The creators claim that the final version of TLS 1.3 is more secure and productive: in its encryption algorithms, all the known (to date) vulnerabilities of TLS 1.2 are closed, and the process of “handshaking” is twice as fast as its predecessor. The developers also added forward secrecy and new features like 0-RTT.
TLS 1.3 made the largest number of significant changes in the entire history of the protocol. For this reason, some have even suggested calling it TLS 2.0.
Now that the new version of the TLS protocol is 1.3 (RFC 8446 ) is officially approved, it remains to implement it for all connections over the network.
TLS has a kind of backward compatibility. When a connection is established between the client and the server, the supported protocol versions are exchanged and the one that both parties can work with is selected. However, this feature is not used everywhere. With the advent of TLS 1.3 to 3% of the server with support for TLS 1.2 just tore connection instead of sending client supports the version number.
A similar problem arose with intermediate nodes ( middlebox ). Due to the fact that TLS did not change much, things like firewalls, NAT and load balancers refused to work with the new version of the protocol.
This phenomenon engineers dubbed ossification (ossification). The fact that some developers do not use the flexibility of the protocol, the introduction of new implementations of it is difficult. As an analogy, industry participants give an example with an old door. If you do not touch it for a long time, the loops rust and it opens with a creak.
/ photo by Christopher Sessums CC
It turns out that the previous protocol is outdated, but it will not work to introduce a new one by default. More on the topic can be read, for example, in last year's study from IEEE ( PDF ).
David Benjamin, working on Chromium, found a solution to the problem. He proposed to mask the first message from a client that supports TLS 1.3, under the message TLS 1.2. And it worked: the aforementioned 3% of servers stopped disconnecting. For intermediary nodes, Kyle Nekritz of Facebook suggested using the same approach. This reduced the number of crashes by 6.5% in Chrome and by 2% in Firefox.
To check if middleboxes are compatible with the new version of the protocol, you can use the test developed in Cloudflare.
According to Eric Rescorla, one of the developers of specifications for TLS and HTTPS, it’s generally not so difficult to implement TLS 1.3. Engineering Council tried to make this process as simple as possible. TLS 1.3 uses the same keys and certificates as TLS 1.2. This allows the client and server to automatically establish a TLS 1.3 connection if they both support the new version of the protocol.
In addition, there are a number of libraries that will help deploy the protocol faster. For example, at the beginning of last week, Facebook transferred its TLS 1.3 Fizz library to open source . Fizz reduces latency during data translation, as well as the load on the CPU.

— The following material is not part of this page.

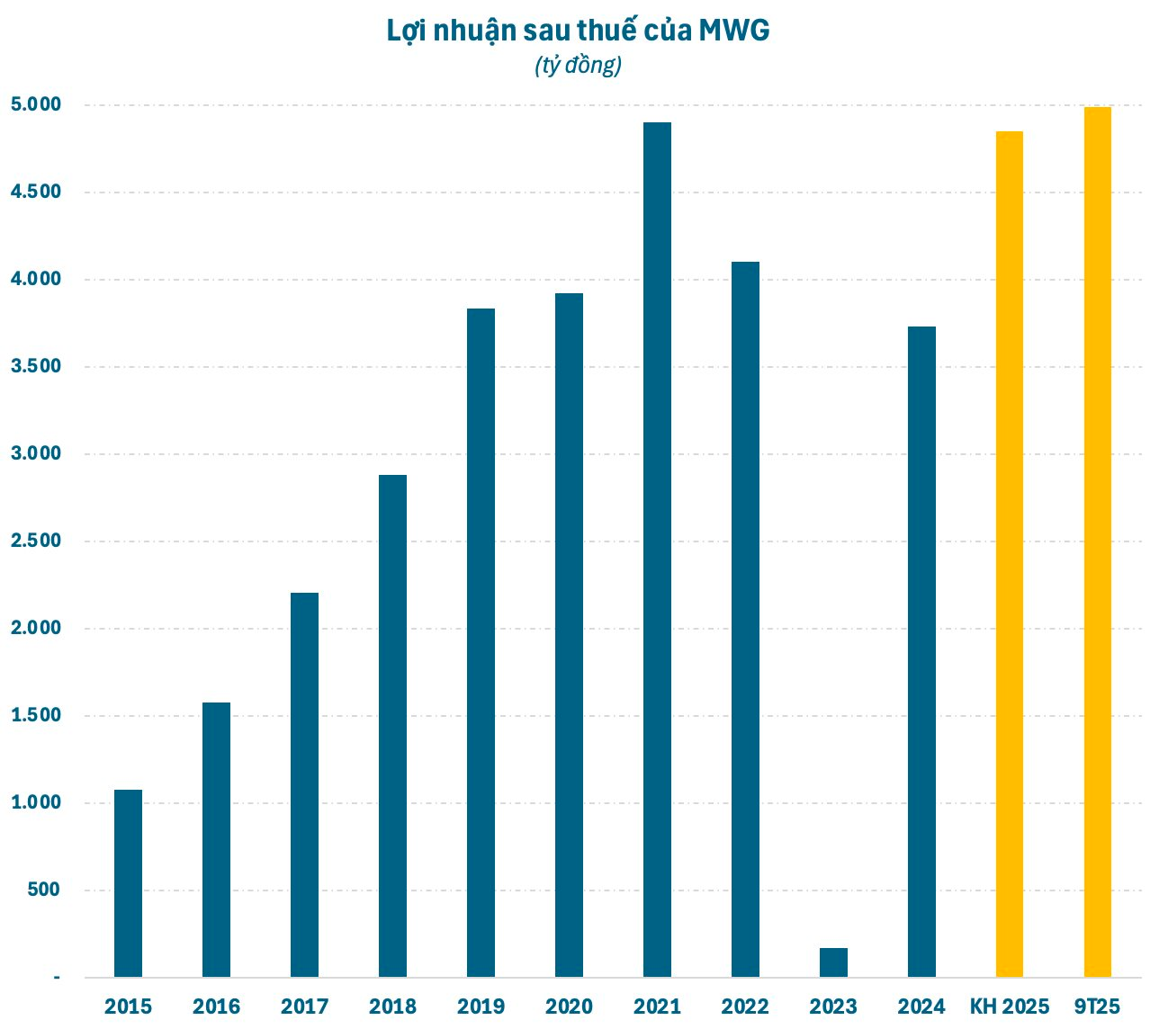 Trong báo cáo mới đây, Agriseco dự phóng lợi nhuận sau thuế của MWG có thể đạt hơn 6.800 tỷ đồng trong năm 2025, tăng 83% so với cùng kỳ 2024. Theo bộ phận phân tích này, tốc độ tăng trưởng lợi nhuận của MWG cao hơn doanh thu nhờ cải thiện hiệu quả hoạt động, tiết giảm nhiều loại chi phí.
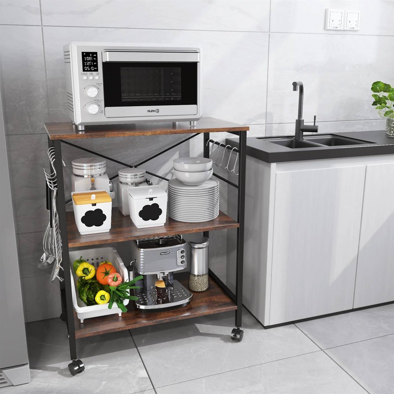 This Modern Industrial Black Metal Brown Wood Kitchen Baker's Rack Microwave Cart is an industrial storage stand for kitchen living room decoration. Put a microwave oven or other kitchen appliances on the sturdy top shelf and store toaster, spice, dishes, and any other utensils on the 2nd or 3rd tiers. Configured 10 steel hooks make it convenient and easy to hang some cooking tools. An odor-free and anti-mildew ensures durability in storage and decoration. Equipped with 4 flexible wheels, 2 of which are lockable, allow the cart table to go where you go to take advantage of your cabinet space. You can effortlessly wheel it to the living room, office, or bedroom as a kitchen appliance cart, coffee stand, small rolling bookshelf or small bakers rack. The locks will keep it in a fixed position when needed.

The developers have prepared a guide on how to start using Fizz on Ubuntu 16.04 LTS. It is located in the official GitHub repository (there is also a guide for MacOS).
First you need to install the necessary dependencies of folly and libsodium :
Next you need to collect and install folly:
Then you can proceed to install Fizz:
In addition to Fizz, there are other libraries in the network, for example, wolfSSL , GnuTLS or rustls .
In order to finally solve the problem of the “ossification” of the protocol, David Benjamin proposed to use in addition to the official version of the standard a number of its variations, which will be released every six weeks (along with releases of new versions of Chrome). Thus, servers and intermediate nodes will be required to comply with all the rules for establishing a connection, otherwise most of the clients will not be able to connect to the services.
Due to this, the developers hope to avoid possible failures of loading web pages, as well as similar problems with future versions of TLS.
It is expected that the overall security in the network after the introduction of TLS 1.3 will increase significantly. And libraries that would simplify the deployment of a new version of the protocol should contribute to mass distribution.
PS Other materials from our corporate IaaS blog:
What we do in IT-GRAD - main areas:
Virtual Infrastructure (IaaS) | PCI DSS Hosting | Cloud FZ-152
/ photo by Charles Dyer CC
TLS 1.3 Features
Over the update of the protocol began to work in 2014. Unofficially, the work on TLS 1.3 ended in March of this year, but it took the engineers a few more months to conduct additional checks.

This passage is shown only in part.